Маркус медлит, потом наклоняется ниже и едва сдавливает разбитые губы Элайджа своими, отстраняется почти сразу. Но его пальцы проводят по изогнувшейся шее Элайджа, спускаются к ключице, после быстро возвращаются на затылок и замирают там в немом вопросе. Он остается стоять так близко, что Элайджа улавливает еще не смытый водой слабый запах бессонной ночи, кобуры, пороха и еще чего-то терпкого, сильного. Мужественного. Смесь кажется неожиданно приятной. Очень:
– Еще. Если тебе не противно.
Маркус наклоняется снова, сначала, словно по неосторожности, касается уха, скользит губами по щеке. Делает это медленно. Так медленно, что процесс кажется Элайдже пыткой. И лаской. Он забывает и о ребре, и о плече, и о шуме в ушах. Все перестает существовать, кроме ощущения теплого давления в уголке губ. Элайджа невольно приоткрывает рот, словно открываясь навстречу, прося чего-то большего, чем прикосновения чужих губ. Ему необходимо почувствовать у себя во рту что-то другое, что-то отличное от дула пистолета. Маркус понимает. Его язык проникает глубоко, заполняет все пространство, ласкает небо. Двигается властно и быстро, туда сюда, напряженный, твердый. Все именно так, как хочется. Элайджа старается открыть рот шире, но едва затянувшаяся кожица лопается и губы принимаются кровить, во рту проявляется приторно-сладкий вкус, потом становится солоно… Маркус зализывает выступившую кровь и отстраняется.
Элайджа задирает голову чуть вверх. Теперь он готов увидеть что-то другое, отличное от подернутых наркотическим дурманом зенок отморозка под строительными лесами. Он погружает взгляд в зеленую, с коричневыми вкраплениями, радужку Маркуса, и чувствует, что пьянеет.

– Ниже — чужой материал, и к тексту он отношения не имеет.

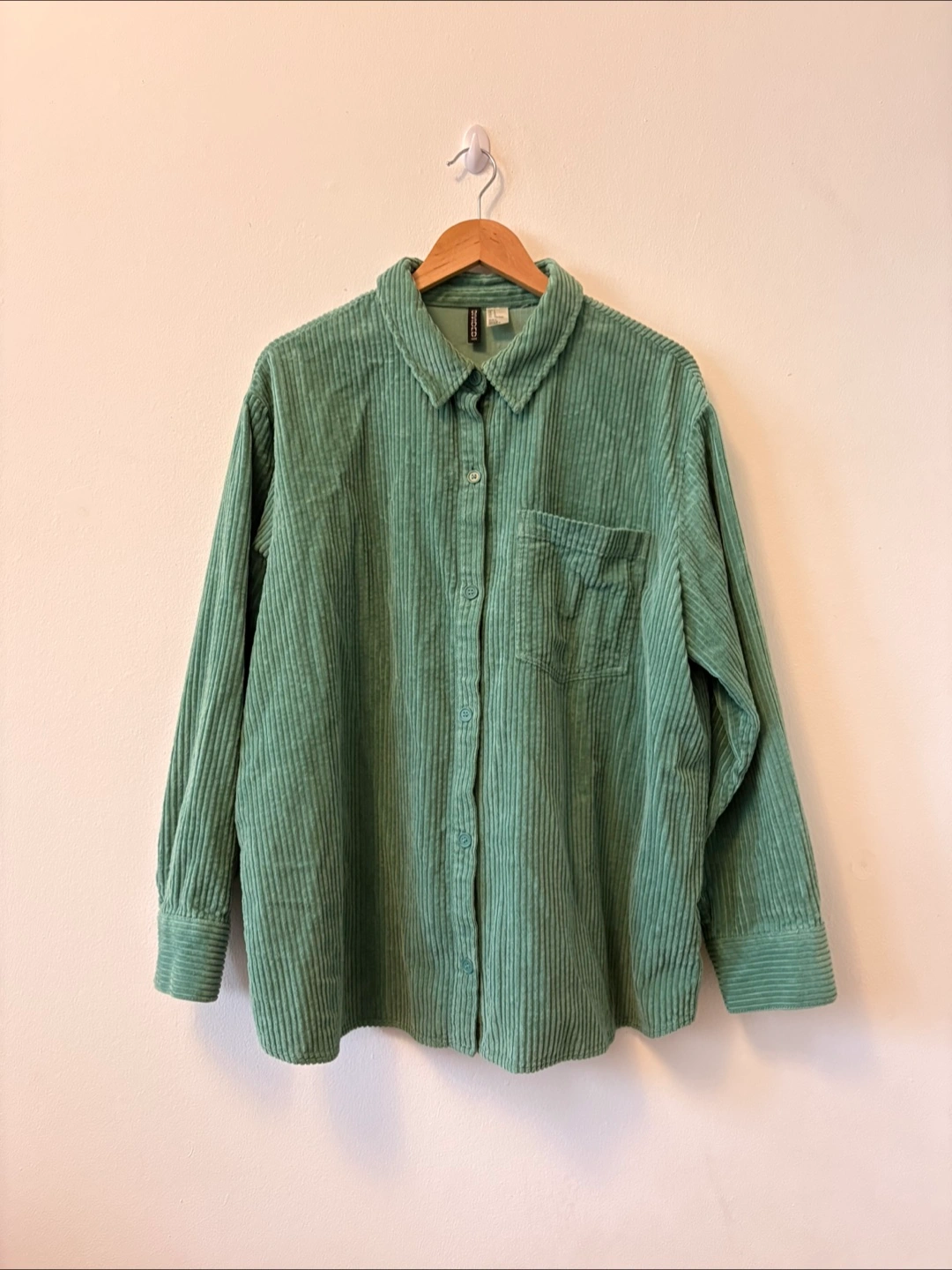 A comfortable corduroy shirt in a nice sage green color. Features long sleeves with button cuffs. A pocket on the chest.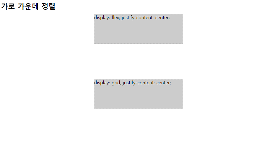 <section class="div-h-1"><div>display: flex; justify-content: center;</div></section>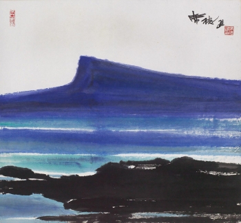 此幅《藍色海岸》兼具有水彩畫與水墨畫的特色。他打破了中國水墨畫的皴、染、輪廓的構圖原則,以水彩畫的著色方式,使彩墨畫顯得活潑有朝氣,以具現代感的極簡風格描繪淡水河畔宜人的景致。

– Повернись, – говорит Маркус одними губами, словно боится, что звук все испортит. Элайджи поворачивается спиной, прислоняется лбом к стене.
Маркус аккуратно, еле дотрагиваясь, ведет пальцами вдоль спины сверху вниз, останавливается на каждом торчащем позвонке, оставляет на шее свое дыхание, царапает щетиной тонкую кожу. Элайджа прогибается в ответ, чувствует желание. Такое сильное, что не может сдержаться и тянется чтобы обхватывает себя, Маркус его останавливает:
– Я сам.
Элайджа послушно опускает руку. Ладонь Маркуса, шершавая и грубоватая, оказывается там, где только что была его. Чужие пальцы сжимают Элайджу, и от этого ощущения скручивает низ живота, бросает в жар, ноги сами подгибаются в коленях. Элайджа хочет сказать, что ему нравится. Но язык опять тяжелый как в детстве, слова в голове разбегаются в разные стороны – не собрать. Он хватает воздух как рыба, выброшенная на берег. Неужели болезнь возвращается?!
– Это ничего, Лайжа. Это просто возбуждение.
Маркус двигает рукой, Элайджа не может сдержать стон, не может сдержать дрожь, не может нормально дышать – его тело ему больше не подчиняется.
– Не сдерживай себя. Если хочешь – говори, или кричи, или двигайся. Не держи в себе.
– Я хочу, – Элайджа медленно обретает дар речи, – хочу знать. Ты ведь это не из жалости? Это же не одна из твоих терапий?
– Нет. – Маркус внезапно опускает руки, замирает, словно решается на что-то, потом прижимается к его ягодицам эрегированным членом, трется, просовывает его между ног. Элайджа вздрагивает от неожиданности, потом сжимает бедра и подается назад. Маркус, шумно выпустив из легких весь воздух, прижимает его к себе. Тяжелая рука ложится на втянутый до самого позвоночника живот. Другая, обернувшись вокруг головки, снова начинает двигаться.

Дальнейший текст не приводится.